I'm trying to covert UniProt accession numbers to Entrez IDs using the BioconductoR package org.Hs.eg.db (which is an S4 object). I'm also trying to do this as part of a Python script with rpy2. Calling the select function gives me errors. Here's the code (the program is 400 lines, I'm excerpting the relevant stuff):

from rpy2.robjects.packages import importr
from rpy2.robjects import StrVector, DataFrame, r

# get UniProt accension numbers from first two columns of data
uniprotA = []
uniprotB = []
for row in interactions:
    uniprotA.append(row[0][10:])
    uniprotB.append(row[1][10:])
# convert to vectors in r
uniprotA = StrVector(uniprotA)
uniprotB = StrVector(uniprotB)

homosap = importr('org.Hs.eg.db')

geneidA = r.select(homosap, keys = uniprotA, columns = "ENTREZID", keytype="UNIPROT")

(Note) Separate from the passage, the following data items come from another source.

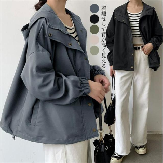 トレンチコート コート レディース 春 40代 ショート丈 スプリングコート 春コート フード付き ライトコート ジャケット 大きいサイズ 黒 通勤 カジュアル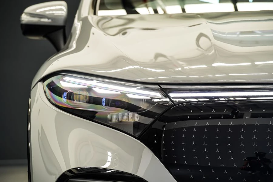 ดีไซน์ภายนอกของ EQE 300 มาพร้อมการตกแต่งรอบคันแบบ Electric Art Exterior Package เสริมด้วยชุดแต่ง Night Package และกระจังหน้าแบบ Mercedes-Benz pattern ติดตั้งไฟหน้าแบบ LED High Performance พร้อมระบบปรับไฟสูงอัตโนมัติ Adaptive Highbeam Assist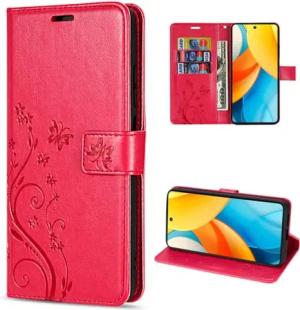 Handyhülle kompatibel mit ZTE Blade V60 Vita | Premium PU Leder Handy Hülle Wallet Case | Schutzhülle Blumen Klapphülle | Rot
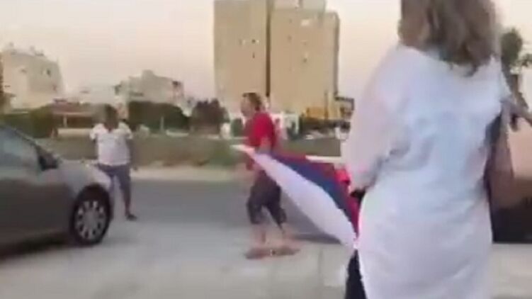 На видео, распространенных в социальных сетях, видно, как нападавшая держит в руках нож и, шатаясь, идет к небольшой группе людей, которые собрались с флагами РФ.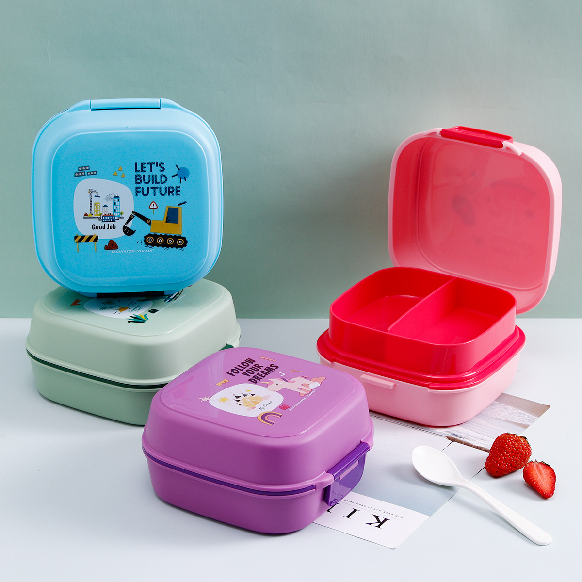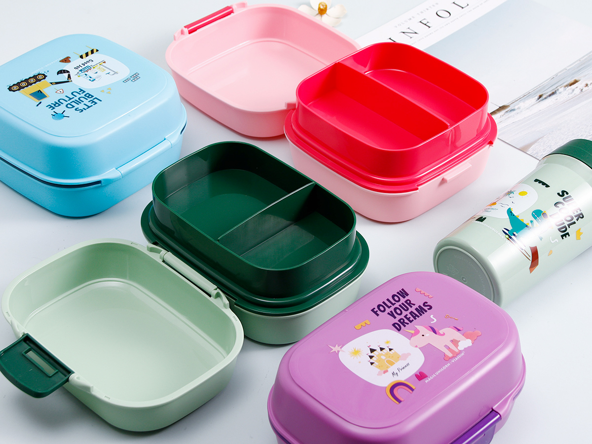 童彩翻蓋便當盒+運動水壺套裝(長方形/正方形1000ml+水杯350ml)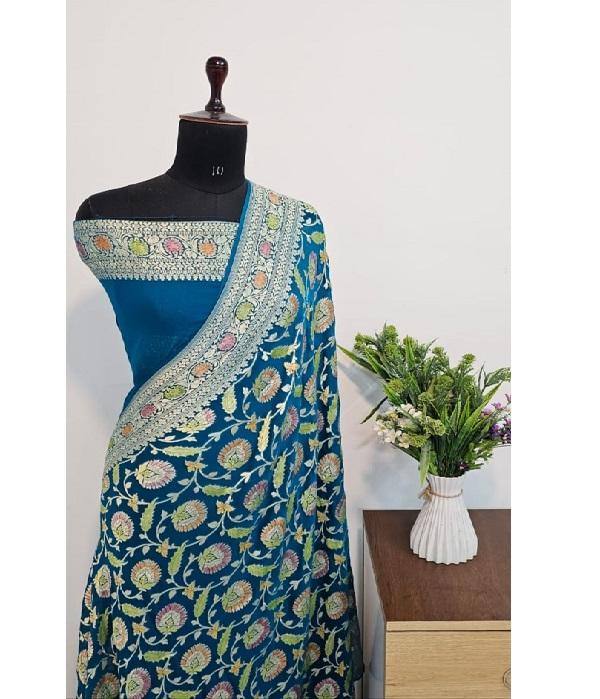 Elegant Handloom Pure Banarasi Khaddi Georgette Saree With Fine Fabric And Zari Work For Festive Wedding And Ethnic Wear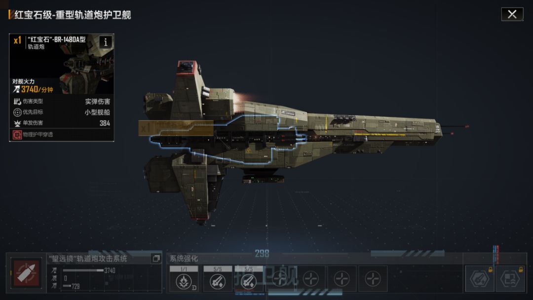 红宝石轨道炮型单发伤害384(DPM比较虚)对驱逐舰有效伤害约90%对巡洋舰有效伤害约70%对战巡无法造成有效伤害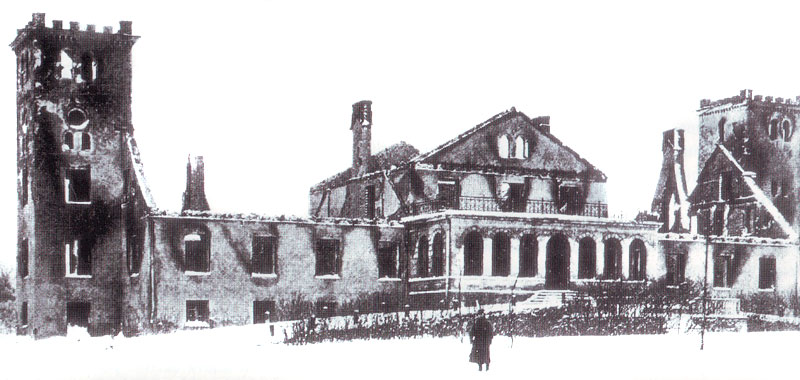 Suntažu muiža pēc nodedzināšanas 1905. g. revolūcijas laikā. 1906. g. Fotoreprodukcija: Illustrierte Beilage der Rigaschen Rundschau. 1906. Nr. 4. S. 32.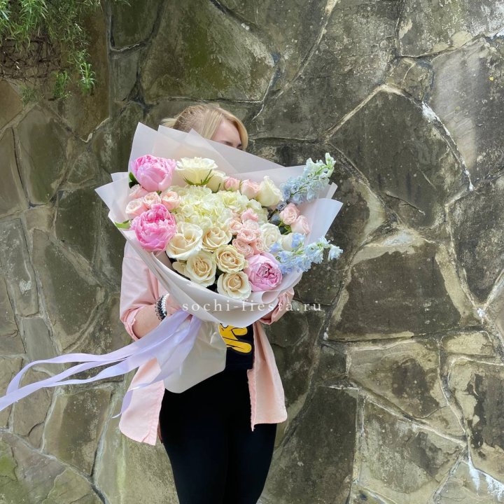 • Редкий состав — David Austin, ранункулюс, анемоны, сезонные пионы.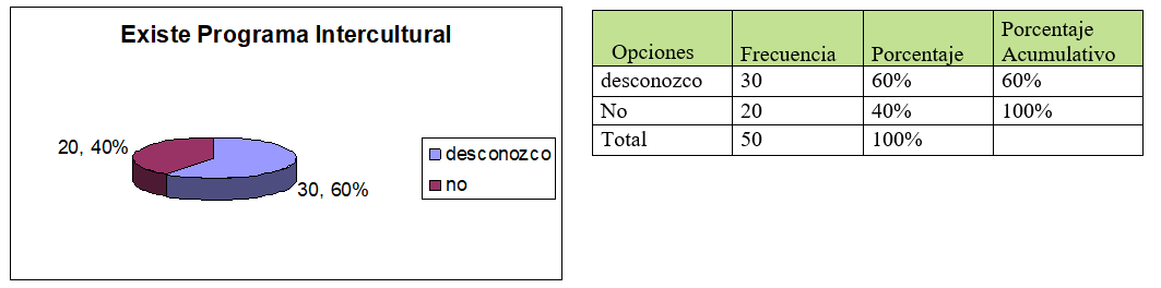 Pregunta 8. Cerciorar la existencia de un programa que respalde la práctica de la Interculturalidad.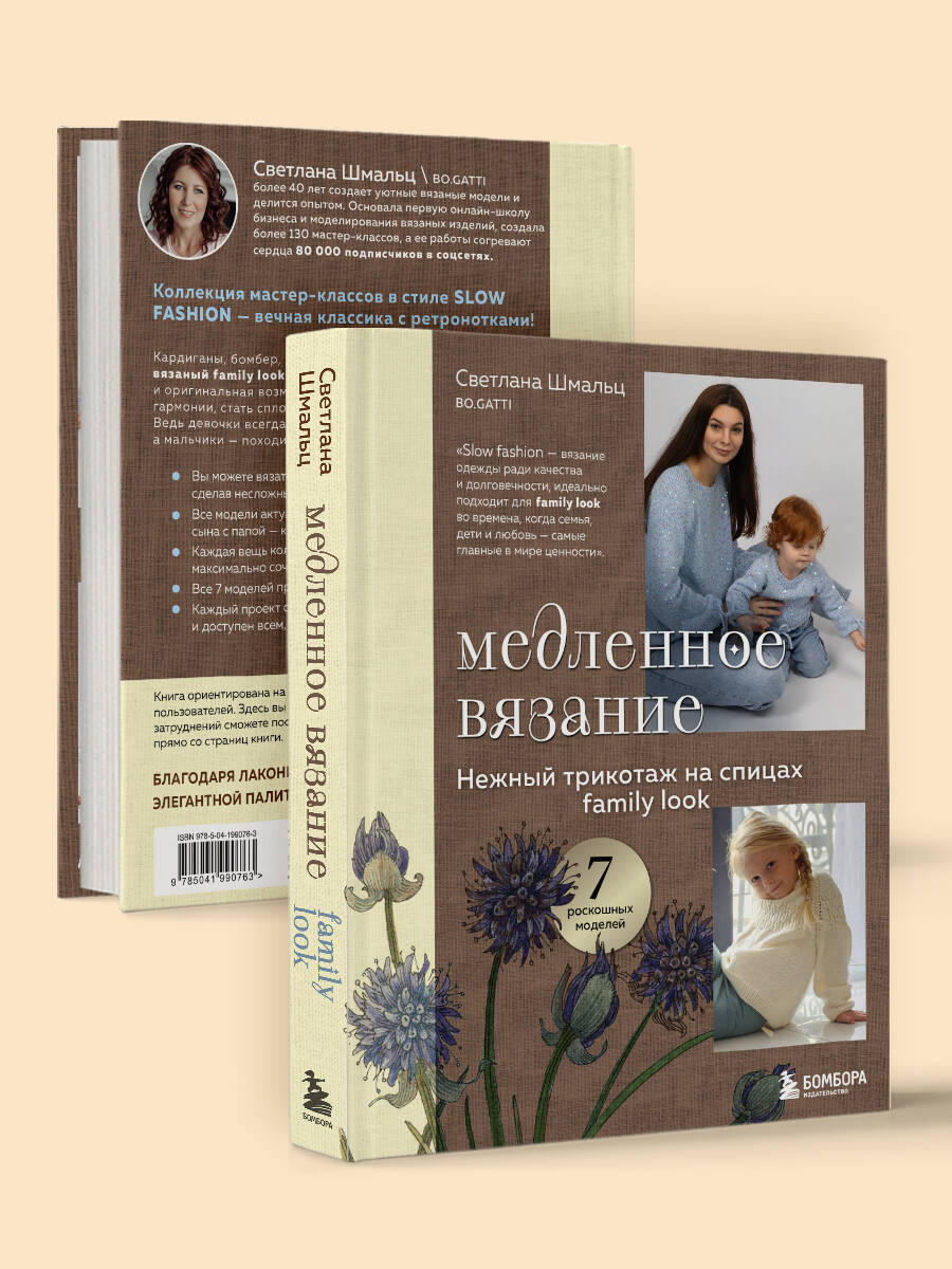Уникальная коллекция мастер-классов в стиле SLOW FASHION - вечная классика с ретро-нотками, от замечательного мастера Светланы Шмальц, известной в Сети как непревзойденный эксперт вязаной семейной моды. Все девочки мечтают одеваться, как мама, а мальчики - походить на папу. Вязаный family look актуален как никогда, ведь именно этот стиль дает возможность достичь взаимопонимания и семейной гармонии, стать сплоченнее, дружнее, а значит, счастливее. Кардиганы, бомберы, разнообразные стильные джемперы - в едином стиле для мамы и дочки, для папы и сына. И все это с огромным вкусом и мастерством. Светлана Шмальц с удовольствием делится своими навыками с читателями и делает это непосредственно на практике. Подробные, богато проиллюстрированные мастер-классы, великолепные фотографии, на которых видно, как смотрится вживую та или иная авторская модель. Откройте для себя вязание нового уровня, когда каждая вещь рассчитана на то, чтобы стать любимой и носиться годами, а процесс вязания доставляет ни с чем не сравнимое удовольствие! • Вы можете вязать из любой пряжи и на любой размер, сделав несложные расчеты. • Все модели актуальны и для вас, и для вашей дочки, и для сына с папой - классический фэмили лук. • Каждая вещь коллекции станет для вас самой любимой, будет максимально сочетаться с остальными предметами гардероба. • Все 7 моделей представлены в сдержанном дизайне для комфортной носки как детям, так и взрослым. • Каждый проект с ссылками на видео, а значит, понятен и доступен всем, кто хоть немного умеет вязать спицами. «Медленная мода» на спицах - это не просто вязание, это философия: делать меньше, но лучше, выбирать качественное, создавать с душой. Об авторе: Светлана Шмальц / bo.gatti Уже более 40 лет создает уютные вязаные модели и делится своим опытом. Основала первую онлайн-школу бизнеса и моделирования вязаных изделий, создала более 130 мастер-классов, а ее работы согревают сердца 80 000 подписчиков в соцсетях.| Издательство | ООО "Издательство "Эксмо" |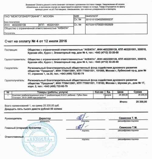 Оплачен курс реабилитации Вани Губина в центре "Аквила"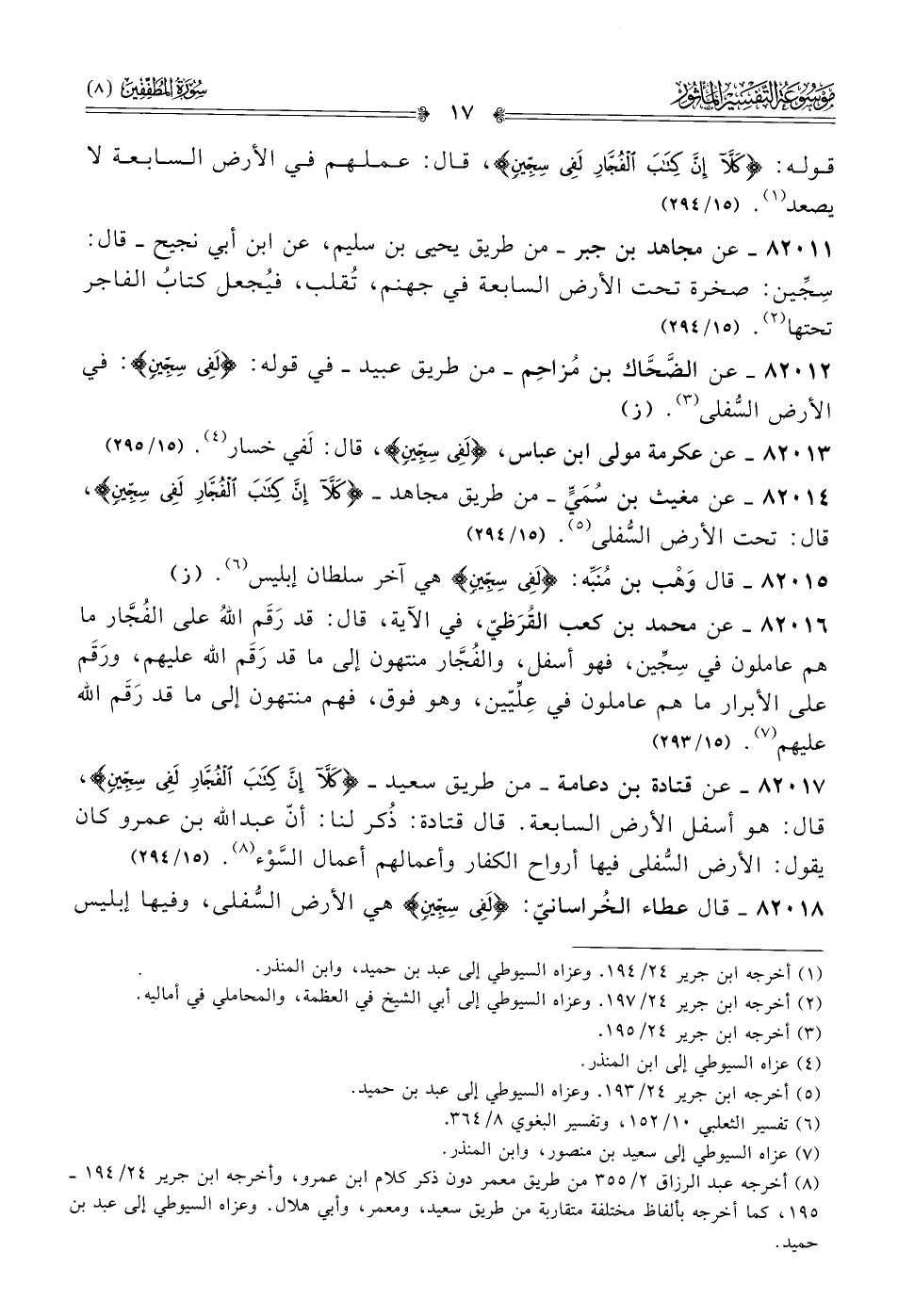 ٨٢٠١٧ - عن قتادة بن دعامة -من طريق سعيد- {كَلّا إنَّ كِتابَ الفُجّارِ لَفِي سِجِّين}، قال: هو أسفل الأرض السابعة. قال قتادة: ذُكر لنا: أنّ عبد الله بن عمرو كان يقول: الأرض السُّفلى فيها أرواح الكفار وأعمالهم أعمال السَّوْء (¬٨). (١٥/ ٢٩٤)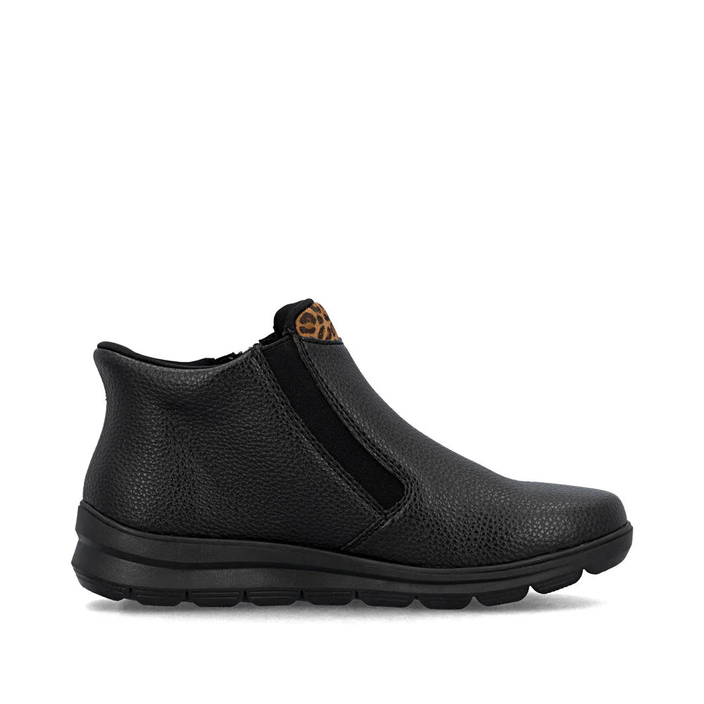 Stylish and comfortable through the cold season! This Rieker ankle boot in black is the true definition of a practical slip-on shoe! The zipper makes the shoe easy to put on and take off. The leopard print is a real eye-catcher. The grippy sole gives good traction at every step. Thanks to the padded and removable insole, optimal comfort is a given. The water-repellent RiekerTEX membrane provides reliable protection from the wet, while the Ready2GO feature ensures quick and easy donning. With its super soft and warm lining, the cold doesn't stand a chance. Well-being for your feet - with Rieker!

And here are the error messages:

Traceback (most recent call last):
  File "mitab_preprocess.py", line 356, in <module>
    reformat_data(interactions)
  File "mitab_preprocess.py", line 140, in reformat_data
    geneidA = r.select(homosap, keys = uniprotA, columns = "ENTREZID", keytype="UNIPROT")
  File "//anaconda/lib/python2.7/site-packages/rpy2/robjects/functions.py", line 178, in __call__
    return super(SignatureTranslatedFunction, self).__call__(*args, **kwargs)
  File "//anaconda/lib/python2.7/site-packages/rpy2/robjects/functions.py", line 102, in __call__
    new_args = [conversion.py2ri(a) for a in args]
  File "//anaconda/lib/python2.7/site-packages/singledispatch.py", line 210, in wrapper
    return dispatch(args[0].__class__)(*args, **kw)
  File "//anaconda/lib/python2.7/site-packages/rpy2/robjects/conversion.py", line 60, in _py2ri
    raise NotImplementedError("Conversion 'py2ri' not defined for objects of type '%s'" % str(type(obj)))
NotImplementedError: Conversion 'py2ri' not defined for objects of type '<class 'rpy2.robjects.packages.InstalledSTPackage'>'
hannah
  • 889
  • 4
  • 13
  • 27

1 Answers1

0

homosap is an R package exposed as a Python namespace.

I think that you want to use an object in that namespace as a parameter, not the namespace.

Here it should be homosap.org_Hs_eg_db (I am guessing, I have not tried).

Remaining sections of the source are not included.